Work instruction: Give an exact copy of the data that follows, but none of its pictures.

[Recorded data Boundary: Start]

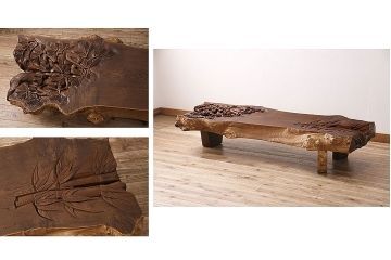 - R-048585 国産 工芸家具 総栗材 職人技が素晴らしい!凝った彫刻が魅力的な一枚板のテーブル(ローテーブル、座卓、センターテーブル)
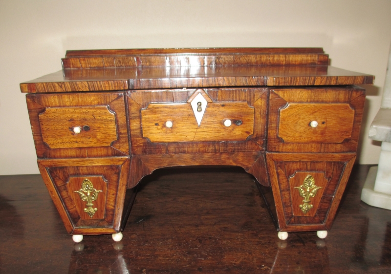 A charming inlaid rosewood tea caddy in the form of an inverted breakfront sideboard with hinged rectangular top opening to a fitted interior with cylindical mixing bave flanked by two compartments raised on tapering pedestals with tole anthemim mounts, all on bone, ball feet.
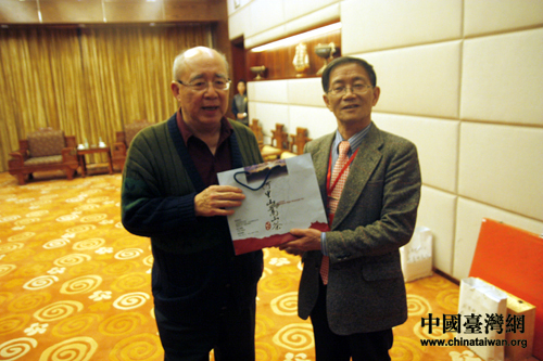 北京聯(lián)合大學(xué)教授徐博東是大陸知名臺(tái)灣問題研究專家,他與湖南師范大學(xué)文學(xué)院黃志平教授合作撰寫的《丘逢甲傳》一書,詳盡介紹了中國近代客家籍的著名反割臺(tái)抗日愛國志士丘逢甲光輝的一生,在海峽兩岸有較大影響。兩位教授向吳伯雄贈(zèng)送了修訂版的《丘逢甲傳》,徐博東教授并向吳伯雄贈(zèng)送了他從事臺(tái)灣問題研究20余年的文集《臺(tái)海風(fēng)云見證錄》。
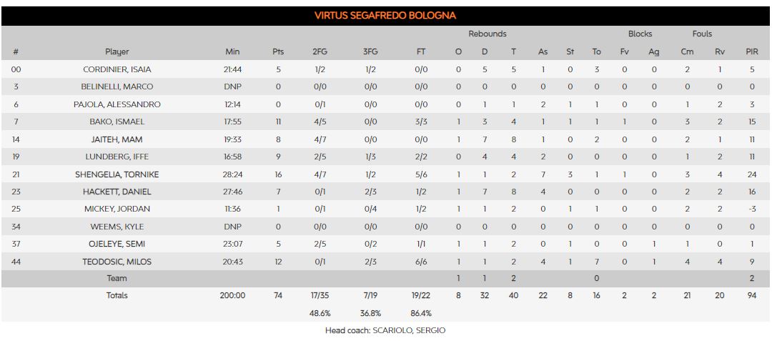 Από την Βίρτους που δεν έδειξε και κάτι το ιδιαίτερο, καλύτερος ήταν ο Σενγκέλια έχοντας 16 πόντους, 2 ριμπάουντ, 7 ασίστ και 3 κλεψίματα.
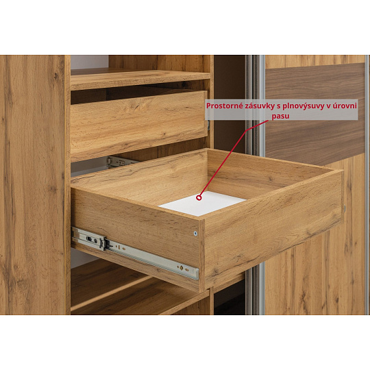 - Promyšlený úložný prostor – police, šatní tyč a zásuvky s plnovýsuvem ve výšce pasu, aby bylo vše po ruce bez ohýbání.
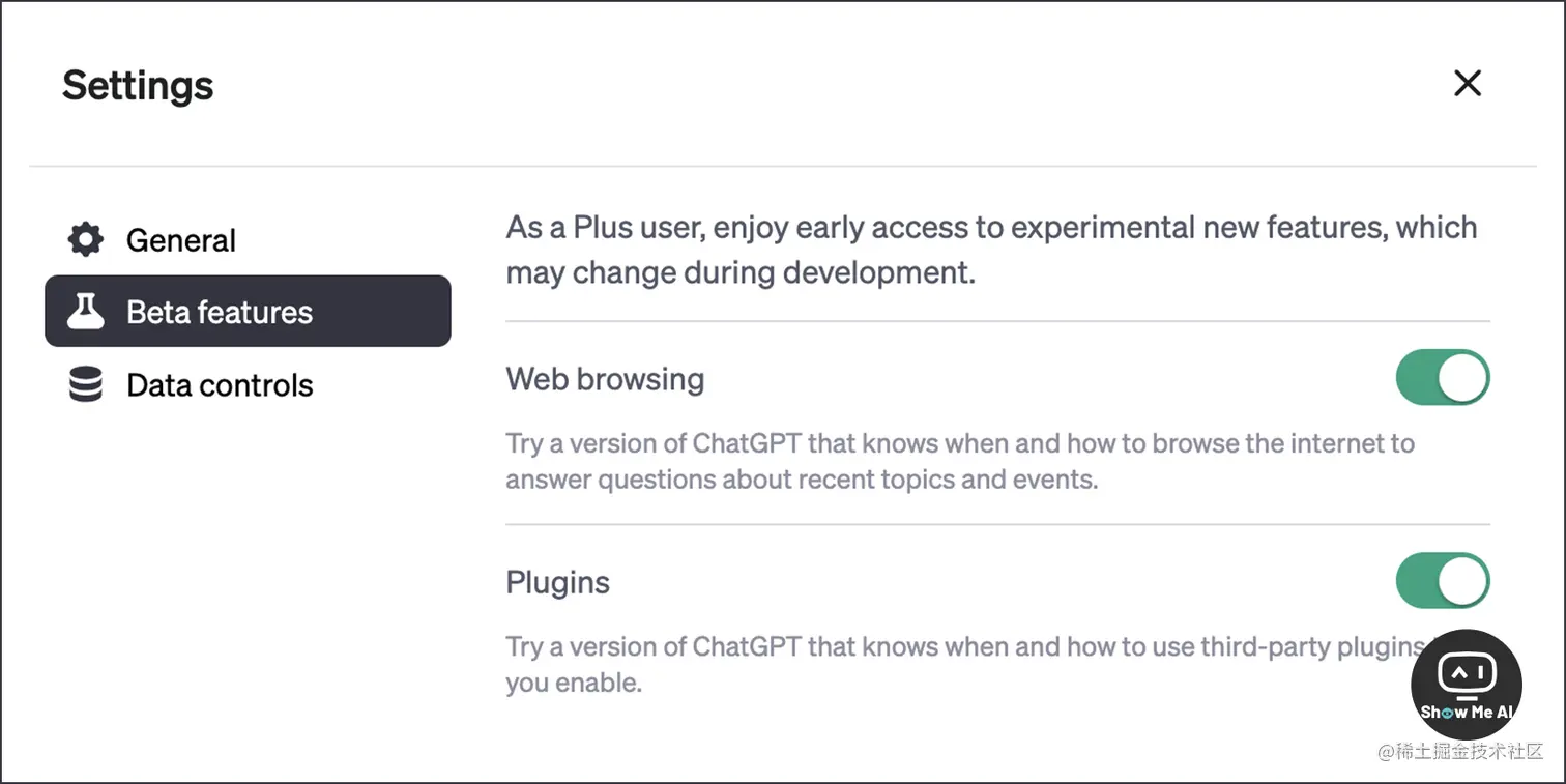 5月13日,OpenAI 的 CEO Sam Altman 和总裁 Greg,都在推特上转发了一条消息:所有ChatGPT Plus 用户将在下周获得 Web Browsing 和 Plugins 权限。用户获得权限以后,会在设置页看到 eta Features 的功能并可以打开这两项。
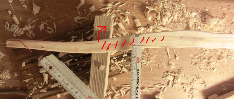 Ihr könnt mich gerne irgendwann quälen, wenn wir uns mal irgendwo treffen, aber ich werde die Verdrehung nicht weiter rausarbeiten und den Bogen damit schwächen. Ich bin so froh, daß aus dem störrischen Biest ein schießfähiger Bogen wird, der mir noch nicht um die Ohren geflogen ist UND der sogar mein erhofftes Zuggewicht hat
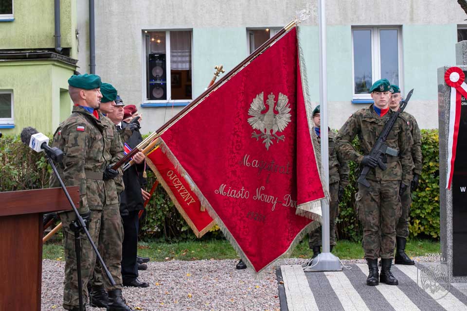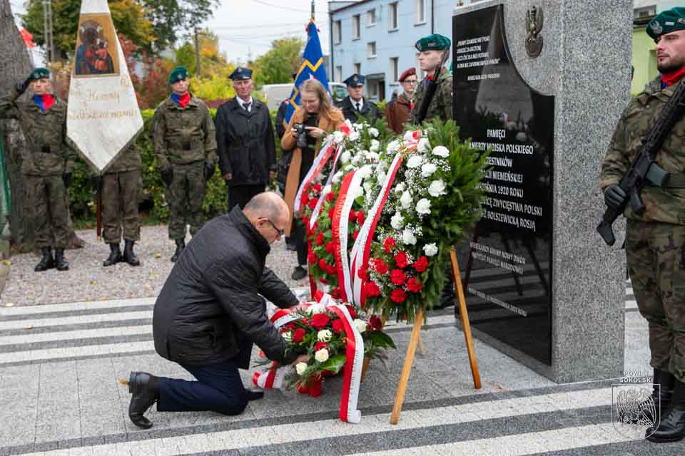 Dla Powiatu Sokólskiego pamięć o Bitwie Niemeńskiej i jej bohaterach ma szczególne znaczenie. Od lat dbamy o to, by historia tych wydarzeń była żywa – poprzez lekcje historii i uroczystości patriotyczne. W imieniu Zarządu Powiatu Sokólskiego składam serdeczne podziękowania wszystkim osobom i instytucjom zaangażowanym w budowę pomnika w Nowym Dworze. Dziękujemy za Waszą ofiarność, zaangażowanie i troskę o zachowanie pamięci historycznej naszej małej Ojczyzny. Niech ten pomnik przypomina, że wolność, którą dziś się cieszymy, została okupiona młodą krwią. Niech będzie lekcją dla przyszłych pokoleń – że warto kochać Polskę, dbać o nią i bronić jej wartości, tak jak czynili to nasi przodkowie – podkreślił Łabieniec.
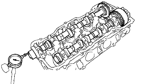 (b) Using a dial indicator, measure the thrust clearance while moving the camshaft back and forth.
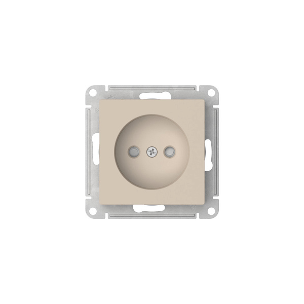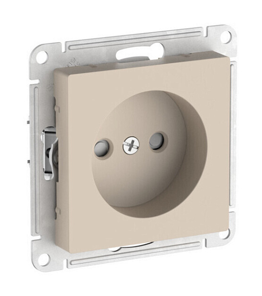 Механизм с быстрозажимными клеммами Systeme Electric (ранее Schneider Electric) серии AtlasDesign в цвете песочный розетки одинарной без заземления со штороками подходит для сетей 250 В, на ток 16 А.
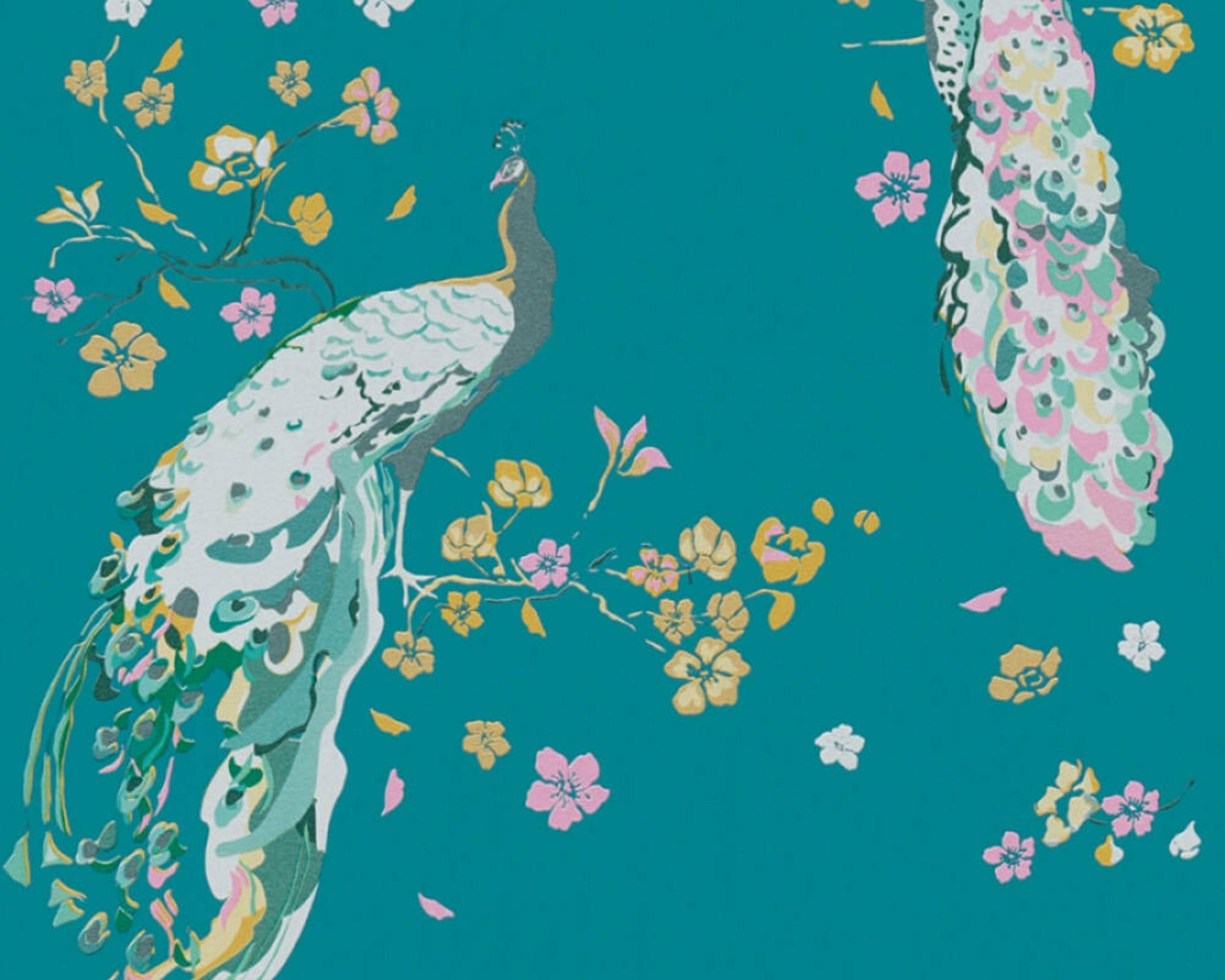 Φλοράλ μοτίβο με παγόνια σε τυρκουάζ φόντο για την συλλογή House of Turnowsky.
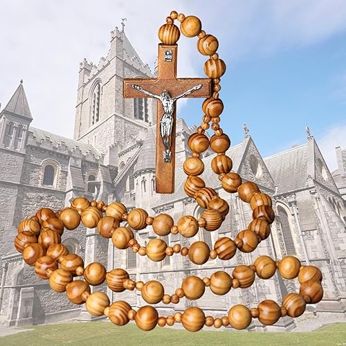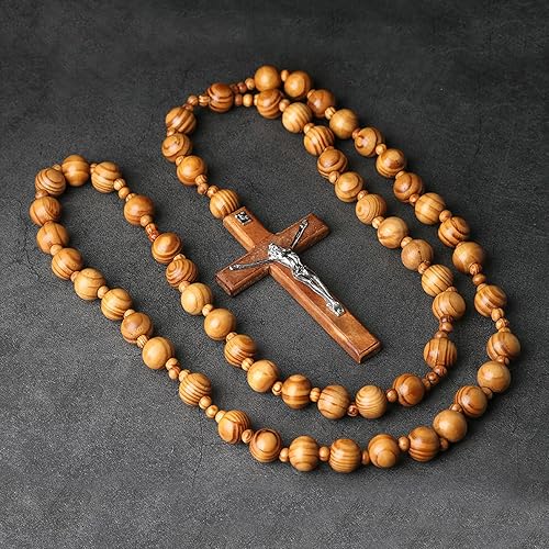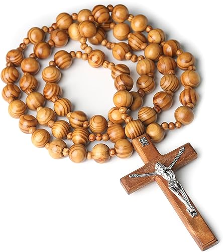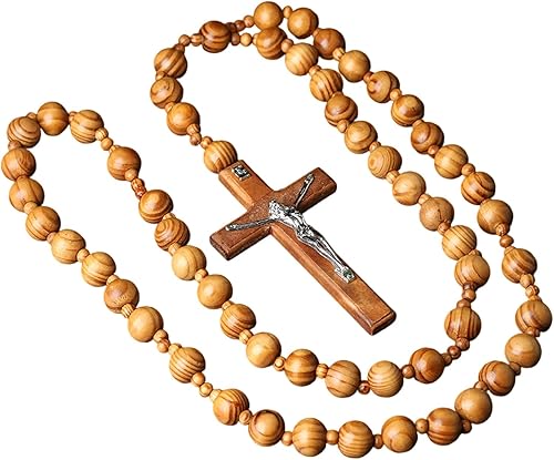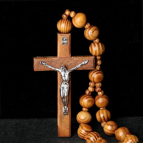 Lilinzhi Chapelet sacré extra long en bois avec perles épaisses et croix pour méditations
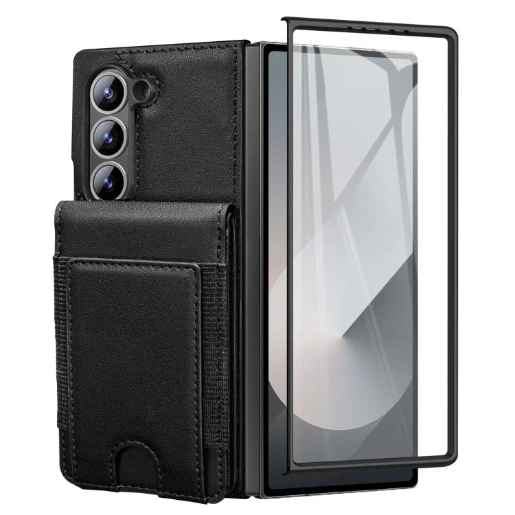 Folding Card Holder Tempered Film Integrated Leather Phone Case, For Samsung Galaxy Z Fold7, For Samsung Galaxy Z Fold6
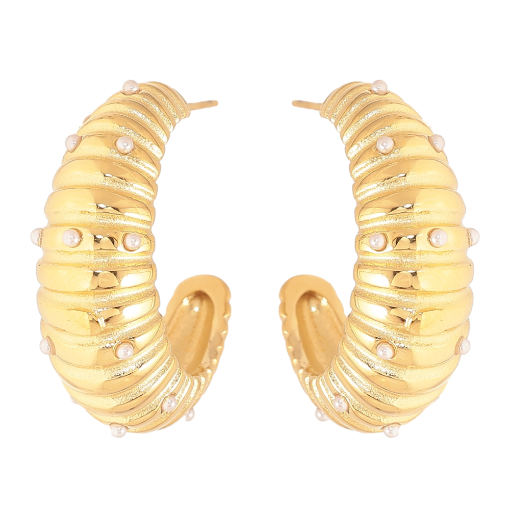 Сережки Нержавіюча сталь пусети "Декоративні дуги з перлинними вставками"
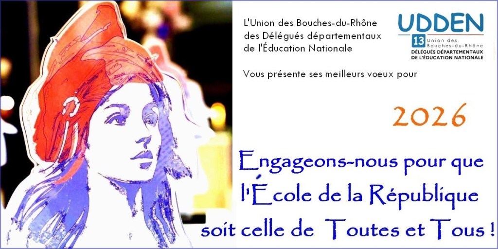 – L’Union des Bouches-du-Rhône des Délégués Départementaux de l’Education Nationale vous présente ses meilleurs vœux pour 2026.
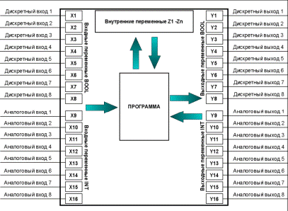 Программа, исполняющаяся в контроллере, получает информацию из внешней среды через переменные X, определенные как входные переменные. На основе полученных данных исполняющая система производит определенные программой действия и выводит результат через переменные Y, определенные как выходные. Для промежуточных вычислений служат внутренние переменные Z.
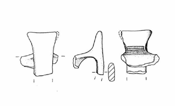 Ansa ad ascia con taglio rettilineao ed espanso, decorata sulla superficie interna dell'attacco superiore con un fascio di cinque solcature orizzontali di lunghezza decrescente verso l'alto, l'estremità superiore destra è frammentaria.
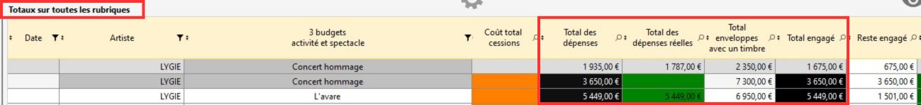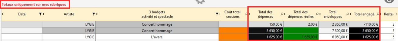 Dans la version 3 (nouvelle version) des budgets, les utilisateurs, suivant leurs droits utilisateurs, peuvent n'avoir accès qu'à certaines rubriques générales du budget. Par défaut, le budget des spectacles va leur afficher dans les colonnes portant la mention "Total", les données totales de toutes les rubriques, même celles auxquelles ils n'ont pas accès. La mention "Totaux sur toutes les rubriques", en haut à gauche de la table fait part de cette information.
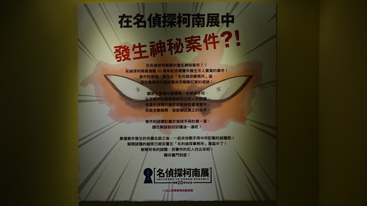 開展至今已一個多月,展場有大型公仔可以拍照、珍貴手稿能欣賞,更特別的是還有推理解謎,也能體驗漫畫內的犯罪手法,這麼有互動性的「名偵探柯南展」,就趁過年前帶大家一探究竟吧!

[Recorded data Boundary: End]

Written solution:
 - R-048585 国産 工芸家具 総栗材 職人技が素晴らしい!凝った彫刻が魅力的な一枚板のテーブル(ローテーブル、座卓、センターテーブル)
 A charming inlaid rosewood tea caddy in the form of an inverted breakfront sideboard with hinged rectangular top opening to a fitted interior with cylindical mixing bave flanked by two compartments raised on tapering pedestals with tole anthemim mounts, all on bone, ball feet.
 北京聯(lián)合大學(xué)教授徐博東是大陸知名臺(tái)灣問題研究專家,他與湖南師范大學(xué)文學(xué)院黃志平教授合作撰寫的《丘逢甲傳》一書,詳盡介紹了中國近代客家籍的著名反割臺(tái)抗日愛國志士丘逢甲光輝的一生,在海峽兩岸有較大影響。兩位教授向吳伯雄贈(zèng)送了修訂版的《丘逢甲傳》,徐博東教授并向吳伯雄贈(zèng)送了他從事臺(tái)灣問題研究20余年的文集《臺(tái)海風(fēng)云見證錄》。
 Από την Βίρτους που δεν έδειξε και κάτι το ιδιαίτερο, καλύτερος ήταν ο Σενγκέλια έχοντας 16 πόντους, 2 ριμπάουντ, 7 ασίστ και 3 κλεψίματα.
 - Promyšlený úložný prostor – police, šatní tyč a zásuvky s plnovýsuvem ve výšce pasu, aby bylo vše po ruce bez ohýbání.
 5月13日,OpenAI 的 CEO Sam Altman 和总裁 Greg,都在推特上转发了一条消息:所有ChatGPT Plus 用户将在下周获得 Web Browsing 和 Plugins 权限。用户获得权限以后,会在设置页看到 eta Features 的功能并可以打开这两项。
 Ihr könnt mich gerne irgendwann quälen, wenn wir uns mal irgendwo treffen, aber ich werde die Verdrehung nicht weiter rausarbeiten und den Bogen damit schwächen. Ich bin so froh, daß aus dem störrischen Biest ein schießfähiger Bogen wird, der mir noch nicht um die Ohren geflogen ist UND der sogar mein erhofftes Zuggewicht hat
 Dla Powiatu Sokólskiego pamięć o Bitwie Niemeńskiej i jej bohaterach ma szczególne znaczenie. Od lat dbamy o to, by historia tych wydarzeń była żywa – poprzez lekcje historii i uroczystości patriotyczne. W imieniu Zarządu Powiatu Sokólskiego składam serdeczne podziękowania wszystkim osobom i instytucjom zaangażowanym w budowę pomnika w Nowym Dworze. Dziękujemy za Waszą ofiarność, zaangażowanie i troskę o zachowanie pamięci historycznej naszej małej Ojczyzny. Niech ten pomnik przypomina, że wolność, którą dziś się cieszymy, została okupiona młodą krwią. Niech będzie lekcją dla przyszłych pokoleń – że warto kochać Polskę, dbać o nią i bronić jej wartości, tak jak czynili to nasi przodkowie – podkreślił Łabieniec.
 (b) Using a dial indicator, measure the thrust clearance while moving the camshaft back and forth.
 Механизм с быстрозажимными клеммами Systeme Electric (ранее Schneider Electric) серии AtlasDesign в цвете песочный розетки одинарной без заземления со штороками подходит для сетей 250 В, на ток 16 А.
 Φλοράλ μοτίβο με παγόνια σε τυρκουάζ φόντο για την συλλογή House of Turnowsky.
 Lilinzhi Chapelet sacré extra long en bois avec perles épaisses et croix pour méditations
 Folding Card Holder Tempered Film Integrated Leather Phone Case, For Samsung Galaxy Z Fold7, For Samsung Galaxy Z Fold6
 Сережки Нержавіюча сталь пусети "Декоративні дуги з перлинними вставками"
 – L’Union des Bouches-du-Rhône des Délégués Départementaux de l’Education Nationale vous présente ses meilleurs vœux pour 2026.
 Программа, исполняющаяся в контроллере, получает информацию из внешней среды через переменные X, определенные как входные переменные. На основе полученных данных исполняющая система производит определенные программой действия и выводит результат через переменные Y, определенные как выходные. Для промежуточных вычислений служат внутренние переменные Z.
 Ansa ad ascia con taglio rettilineao ed espanso, decorata sulla superficie interna dell'attacco superiore con un fascio di cinque solcature orizzontali di lunghezza decrescente verso l'alto, l'estremità superiore destra è frammentaria.
 Dans la version 3 (nouvelle version) des budgets, les utilisateurs, suivant leurs droits utilisateurs, peuvent n'avoir accès qu'à certaines rubriques générales du budget. Par défaut, le budget des spectacles va leur afficher dans les colonnes portant la mention "Total", les données totales de toutes les rubriques, même celles auxquelles ils n'ont pas accès. La mention "Totaux sur toutes les rubriques", en haut à gauche de la table fait part de cette information.
 開展至今已一個多月,展場有大型公仔可以拍照、珍貴手稿能欣賞,更特別的是還有推理解謎,也能體驗漫畫內的犯罪手法,這麼有互動性的「名偵探柯南展」,就趁過年前帶大家一探究竟吧!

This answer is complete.